Friday, November 17, 2006

Start Digging some Nerd Holes

A Review of Final Fantasy XII

As many of you (actually, just EHastings) may know, the demo of Final Fantasy XII filled me with disgust and I swore I would never buy it. It did not, at first, seem like a game, it was more like one of those semi-interactive screensavers that were briefly popular in the 1990s (Castaway Jim?). Yet here I am, having just spent about ten hours playing it, and it’s really awfully good.

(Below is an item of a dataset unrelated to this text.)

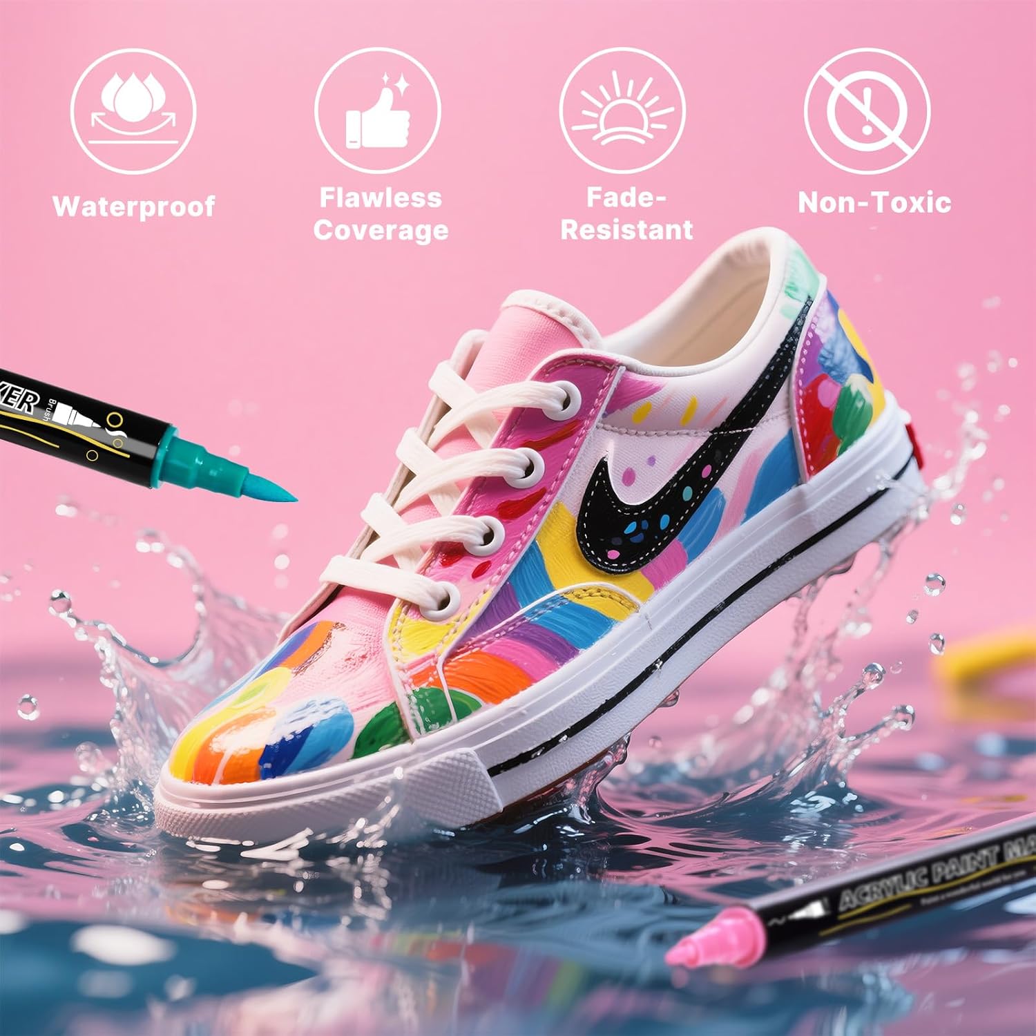 - 🌿【Non-Toxic Certified: Multi-Surface Compatibility】Certified non-toxic and low-odor, these water-based acrylic pens are safe for artists across all age groups. Use these adaptable paint markers on canvas, ceramic, fabric, wood, and other common surfaces without primer.

Online review sites have, as usual, been gushing about the top-notch plot and characters. They are, as usual, giving Square-Enix entirely too much credit. Here’s the basic sketch: a disaffected, spiky-haired orphan teams up with a quiet princess to fight a cruel, mechanically-inclined empire. Is this sounding familiar, O People of the Internet? Within the first half-hour of the game, the protagonist’s female best friend plants her hands on her hips and tells him to be careful, something that every female character in every Japanese RPG is required to do as often as possible (don't worry, she gets kidnapped just a little later). The princess, whose name is something like Ashleigh Starla Modeine IV, confines herself mostly to spluttering and saying things like “I’ll never surrender!” Thomas Pynchon, this ain’t. On the plus side, although the things the characters are saying are stupid, the localization is very good, like a pretty good fantasy novel. Lord Vayne, the effeminate, long-haired villain (sound familiar again?) actually makes a very interesting, rhetorically ornamented speech early on.

The characters themselves are shopworn wares from the FF series stock – a determined knight, a determined plucky lad, a determined female sidekick, a determined princess, and a sarcastic but nonetheless determined sky pirate. The highlight character is Fran (yes, her name is Fran), an oddly accented furry who is screwing Sky Pirate Balthier in what must be some extremely awkward and unsatisfying virtual grappling. She has a neat, kind of vaguely Bjorkian accent but is otherwise a standard FF weirdo elf rabbit creature thing.

So as usual the plot and characters should be ignored, but the game mechanics, OH DOCTOR are they good. Two radical changes improve the combat system: no random encounters (all the enemies are already on the map and you fight them without transitioning to a battle screen), and no controlling your characters. The Gambit system, which EHastings accurately described as an autistic programming language, means that you can set general tactics for your characters and then just watch them level grind for hours on end. Somehow, they made this really, really fun. This isn’t as big a revolution as you might initially think: famous old PC games like Baldur’s Gate did basically the same thing, as did the more recent (and vastly better-plotted) Knights of the Old Republic series. FFXII’s gambit system is nonetheless a big improvement on the automatic combat of these other titles: the gambits let you set, in detail, actions for most possible scenarios, and the simple, intuitive system is nonetheless very powerful. You can take just a few seconds to set a behavior like, “If any of your allies are injured, heal them, unless they’re really severely injured, in which case you should give them a potion, and if no enemies are around you should recharge your magic and then heal everyone.” Afterwards, you can experience a brief moment of reverse Schadenfreude when you realize how excited you got over programming the behavior of a virtual rabbit-woman archer.

Anyway, the trademark of Final Fantasy has always been the endless parade of tedious, enervating random battles, and they are gone from this version. What could have been boring (watching your cyberdudes fight) just makes the game feel fast-paced and constantly new. Fighting, say, fifty enemies in a row take about ten minutes, gives measurable rewards, and requires only periodic nudges. Everything else is pretty much standard: you have a standard level board instead of the monstrous “Sphere Grid” from Final Fantasy X, so if you want to customize all your characters in bizarre ways, you can. If only there were a way to turn off the repetitive, vulgar music score this would be perfect. Highly recommended.